Сам я почти не чувствовал усталости. Только ночью на 6-й день болело сердце. Но сон обычно крепкий, а день весь занят по горло тревогами и заботами. Когда после обходов возвращаешься в камеру и ложишься на койку, перед взором проходят впечатления дня. Измученные лица товарищей, стойко и покорно переносящих страдания; гневные, страстные реплики, нарастания эксцессов в атмосфере и почти у всех мысли о самоубийстве, как единственном средстве вывести советскую власть из равновесия. Получалось как бы некое соревнование: кто раньше призовет смерть и купит остальным свободу… Гонишь от себя прочь мрачные картины вокруг и хочешь хоть на минуту обрести спокойствие, свет, тишину. Где этот давно оставленный, потерянный рай? Караул со двора стреляет в стену, и каждый выстрел отдается в сердце. За окном с северной стороны, где расположена моя камера, по вечерам обучаются солдаты. Они маршируют и поют песню красного милитаризма: «…за власть советов и, как один, умрем мы все за это»… И внутри в коридоре сменяется караул, и в десятый раз я веду нудный разговор с солдатом, подошедшим к моей двери.

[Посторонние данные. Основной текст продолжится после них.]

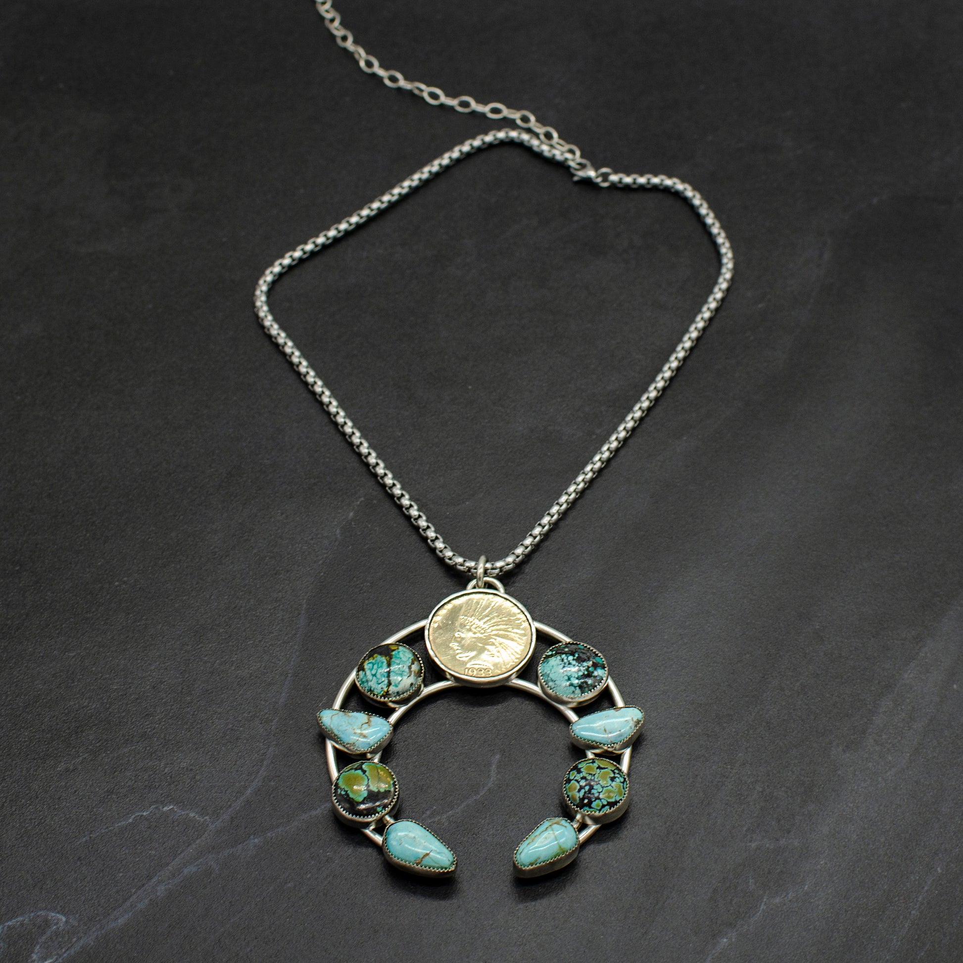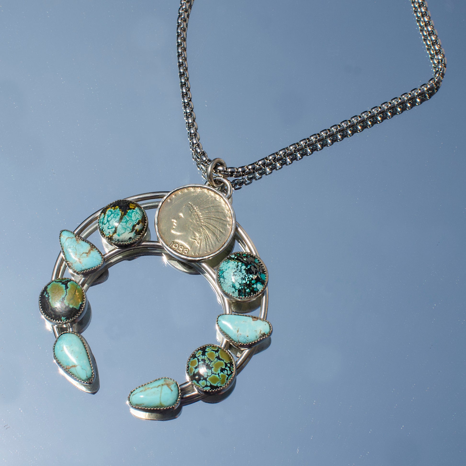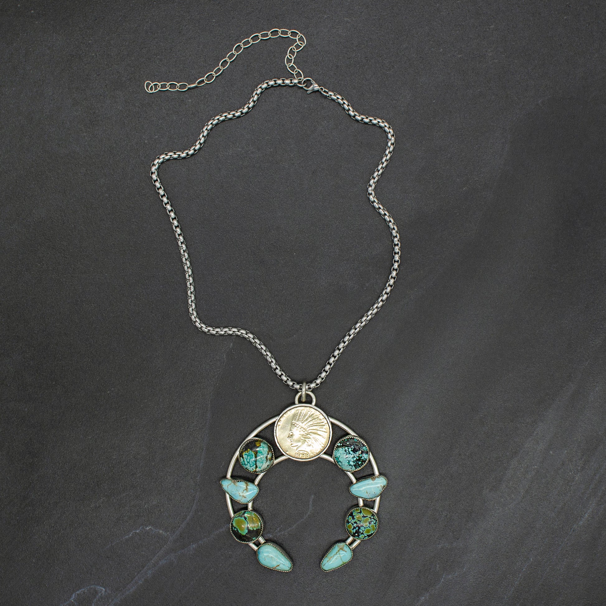 -This necklace features a large Native American Liberty Coin replica surrounded by bezel set turquoise.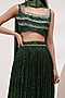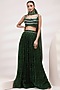 Featuring a grass green lehenga in chinon base with hand paint. It is paired with a upada silk blouse having deep round neck, hand embellishments and a shimmer georgette dupatta. Accentuate it with statement jewellery and heels for a wedding or sangeet ceremony.
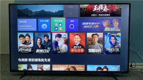 1、在电脑上连接一个U盘,好在本站下载的当贝市场安装包,拷贝到U盘将U盘插到TCL电视的USB接口,在电视主页找到【我的应用】;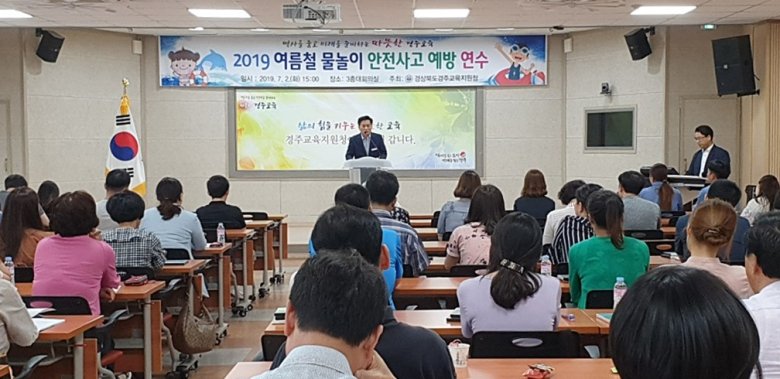 경주교육지원청 전태영 교육지원과장은 인사말을 통해 “학교현장에서는 무엇보다 물놀이 안전수칙에 대한 철저한 사전 교육이 중요하다”며 “학교 구성원들의 관심과 노력으로 학생들 모두가 안전한 여름을 보낼 수 있도록 힘껏 노력해 달라”고 당부했다.

— Так как же, товарищ староста, все есть, вам не дают? — спрашивает он.
Я объясняю ему, что мы добровольно голодаем, требуем человеческих условий заключения, чтобы нас не держали день и ночь взаперти, как зверей в клетках. Но солдат не понимает и вновь спрашивает с недоумением:
— Так, значит, есть вам не дают?..
По-видимому, голодовка, как орудие самозащиты, настолько дикая вещь, что простому человеку ее никак не понять. Я снова пишу заявление и требую явки Губчеки. Приходит комендант и говорит, что председатель — на митинге и некому придти к нам. Я волнуюсь и кричу, что нас толкают на обструкцию. Нам других путей не остается, как ломать двери и решетки… Когда на утро мы встали, на дворе мы увидели большой конный эскадрон. Он был введен на случай обструкции голодающих, и ему было приказано стрелять в окна при первом нашем движении.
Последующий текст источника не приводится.